Ahmed, who is representing the professor, tells Reason that "it's inescapable to think that [this] is not an attempt to ensure [he] does not speak out."

Indeed, there are some serious First Amendment implications, says Eugene Volokh, who is a professor of law at UCLA and an expert on free speech issues.

"Let's say somebody wants to testify that they saw some juvenile committing a crime, or some crime committed against a juvenile…the fact that they're going to testify about it doesn't keep them from telling their story to the media," he tells Reason. "Likewise, if there is some video evidence that's been released to the public and that's been admitted in evidence in some particular other adult court case, it doesn't become somehow secret and prohibited from being published simply because it might be used at some point in a juvenile court hearing."

The Green family's civil suit was formally dismissed after they agreed to the settlement. Accountability, however, is still elusive. That sum will come completely out of taxpayers' pockets, and the officers will evade having to answer for themselves in a civil court proceeding. Perhaps most troubling is that they kept their jobs.

That includes Sergeant Ken Camallo, the officer who initiated the traffic stop and has conducted three warrantless searches since 2017. He testified that his disciplinary record was clean while under oath in a November 2020 motions hearing for the Green case.

When asked by Jackson if that was true, Assistant U.S. Attorney Kashan Pathan answered in the affirmative. Yet just three years prior, the U.S. Attorney's Office for the Middle District of Louisiana, where Pathan works, had to drop a case against a man indicted on illegal weapons charges—because Camallo unlawfully searched his property. BRPD internal affairs documentation indicates that he executed another warrantless search in 2019, and again in 2020 with the Greens. A disciplinary review is ongoing.

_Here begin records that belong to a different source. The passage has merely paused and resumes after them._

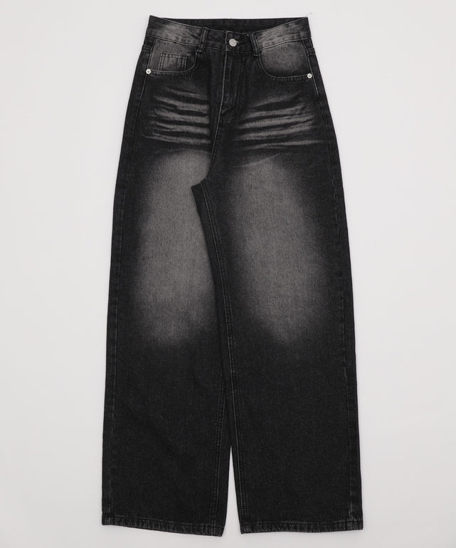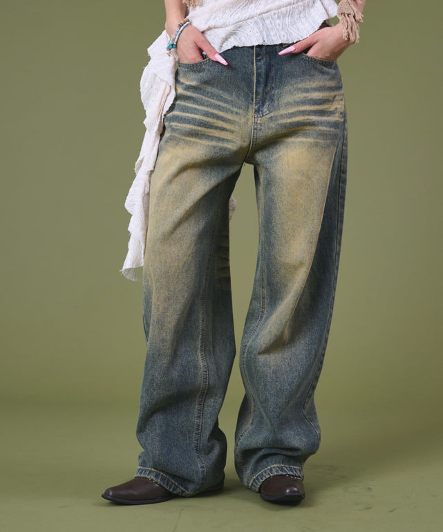 大胆なブラスト加工で立体感と味を出した、こなれ感たっぷりのバギーデニムパンツ。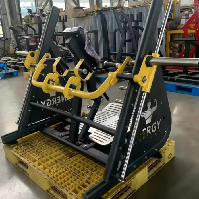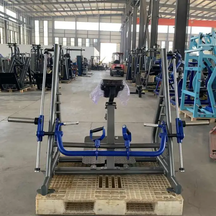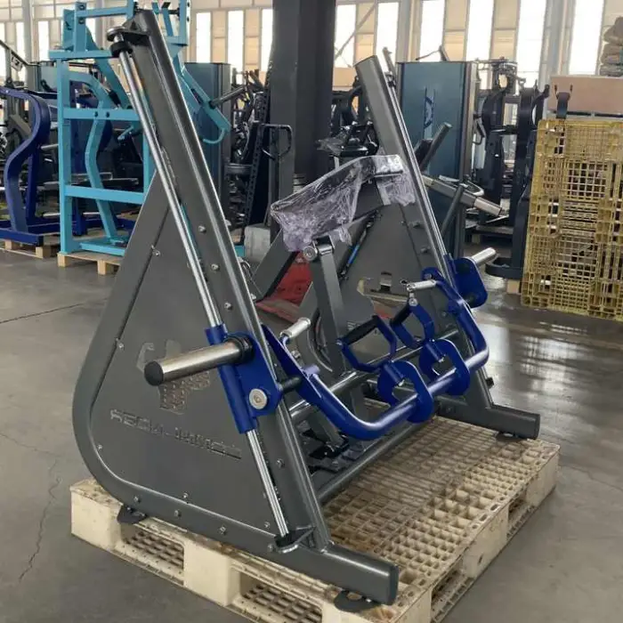 The machine features a plate-loaded design that allows for adjustable resistance, catering to various fitness levels and preferences.
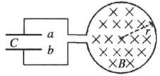 如图所示,在电容器C的两端接有一个圆环形导体回路,在圆环回路所围的面积之内存在着垂直纸面向里的匀强磁场B,已知圆环的半径r=5cm,电容器的电容C=20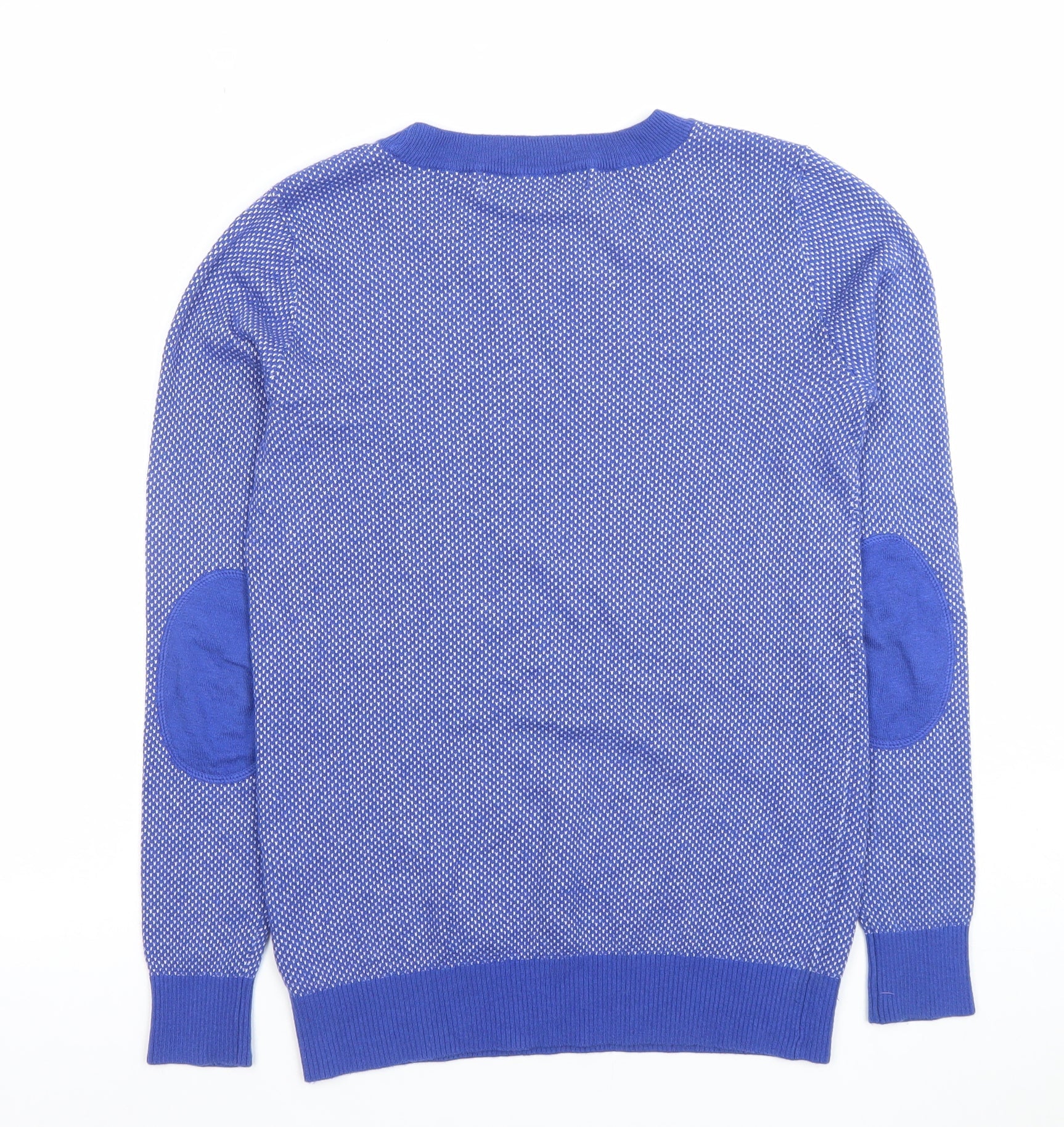 Crew Clothing Co. Women Blue Cotton Blend Crew Neck Jumper Size 10

"I'm not really surprised in the sense that if Baton Rouge thinks that it's okay to strip-search citizens in public, including children, and run into homes, guns drawn, without a warrant…the fact they'd go after a law professor for releasing the video isn't a huge shock," Frampton tells Reason. "At the same time, it's a little surprising they'd have the chutzpah to claim that they were interested in the juvenile's privacy as the rationale for why I'm facing jail time when the city and police department have made abundantly clear that they have no respect for the privacy and dignity of children, or the population at large."